320 Context Collector—Replenishes user context from multiple sources, including:

    • Authorized user data from the user client, including user location, user profile (optional, such as occupation, age, gender, etc.)
    • Environment data: such as weather, temperature, humidity, air quality, etc., which may be:
      • data of shared nearby devices found and retrieved directly by the user client
      • data of shared nearby devices found by the user client, but data is retrieved from IoT object platform
      • data from 3rd party information sources 325, for instance Yahoo weather service, etc., according to user context and/or requirements (e.g. user's current location, a target location, etc.),

330 Categorizer—According to analysis of user-expressed requirements, collected user contexts, etc. the categorizer 330 deduces what kinds of IoT objects may interest the user (notably may meet the user requirements). For example, the categorizer may establish a list of object categories corresponding to the types of object adapted to satisfy the user's requirements. The categorizer 330 may comprise, or communicate with, a cognitive reasoning engine 335.

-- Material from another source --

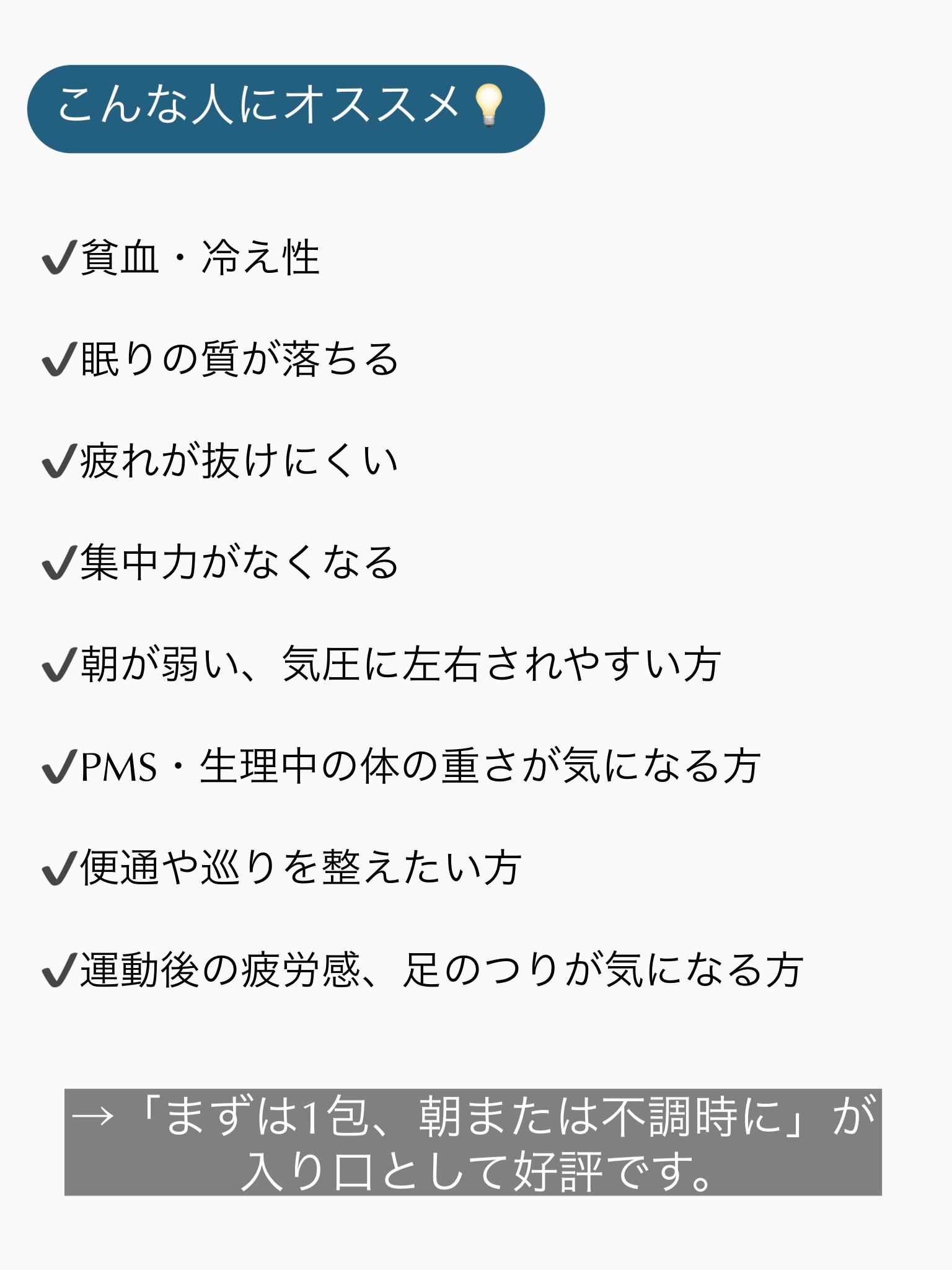 →「まずは1包、朝または不調時に」が入り口として好評です。

The cognitive reasoning engine 335 may be implemented in various forms including, but not limited to, the following options:

    • a rule-based reasoning engine, using preset rules to deduce the category list. Typically, the rules applied by the rule-based reasoning engine are manually created. Table 1 below provides two examples of such rules.

TABLE 1 Rule name Condition Categories of Object “too hot” context: temperature > 30 [air conditioner, cool water degrees machine] “print” intention = printing [printer, printing shop]
      • a knowledge-graph-based reasoning engine, using a knowledge graph to deduce categories from information gathered from a variety of sources. Knowledge graphs are known; for example, they are described in Wikipedia (see https://en.wikipedia.org/wiki/Knowledge_Graph), and in the blog post entitled “Introducing the Knowledge Graph: Things, Not Strings” by Singhal, Amit (May 16, 2012, Google Official Blog), and so no additional details are provided here.

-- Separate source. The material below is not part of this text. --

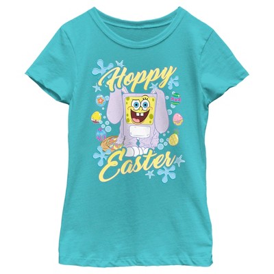 • Grab a basket and go on a hunt for this Easter boys' t-shirt! Featuring SpongeBob in a bunny costume along with text that says "Hoppy Easter."

FIG. 3 illustrates schematically an example of a knowledge graph for use in identifying IoT object categories based on a given user context and user intention. In this example the knowledge graph encodes knowledge regarding a room (a pantry) in a building A, as well as knowledge of the objects and devices in this pantry.

Other widely-used methodologies may be exploited by the categorizer 330, including:

    • Personalized selection—select IoT object categories according to a user profile (if it is authorized), for example: select a connected coffee machine for white-collar staff if the time is 10:30 am or 13:00 pm, based on knowledge of the user's prior behavior; and
    • Collaborative Filtering—collaborative filtering encompasses techniques for matching people with similar interests and selecting object categories on this basis, for example: at place A select the devices most-accessed by people at place A; if the user has accessed device B, select the most popular devices that users access if they have accessed device B.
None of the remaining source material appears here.